A voz vinha do saguão de entrada. Eu já estava nos últimos degraus
do lance que dava para o corredor ao lado da escada principal.
Sentindo a contragosto um calafrio em ondas bulindo com as minhas
costelas, fui avançando junto da grande mesa onde ficava a maquete
do teatro e, quase tropeçando na passadeira que desce para o
vestíbulo, passei entre as duas luminárias de Raoul Verlet e fui para a
rotunda do lado esquerdo. Nada. Ninguém. Tateando, procurei um
interruptor que sabia ficar perto do aparelho de TV, ali colocado para
transmitir as imagens do palco para os retardatários. Acendi. As luzes
das estátuas de Verlet, de Kipli Moreau, das rosetas centrais do teto e
das cúpulas em vidro “manga rosa” se iluminaram.
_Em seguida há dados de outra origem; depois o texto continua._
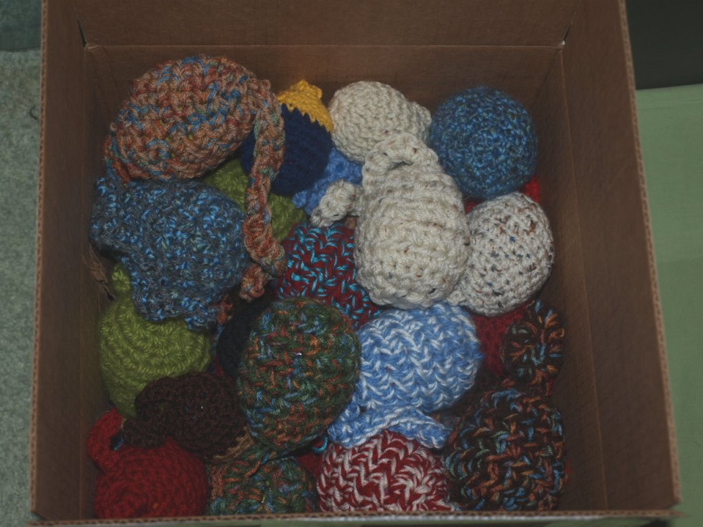 MFirecracker toys (clean vitamin bottles w/ rice or bell, wrap and tie fleece/flannel outside)

Lentamente, passo a passo pelo hall de entrada, olhei em volta.
Nada. Ninguém. Tudo estava imóvel, como convém a estátuas,
luminárias, pinturas e demais inanimados que se prezem. Tudo no
lugar: as dançarinas ebúrneas, as deusas marmóreas, as flores
metálicas. Tudo como sempre havia estado, como as formosas
cabeças em bronze, encaixadas no mármore verde das volutas do
arremate da escada principal, cada uma olhando para um la…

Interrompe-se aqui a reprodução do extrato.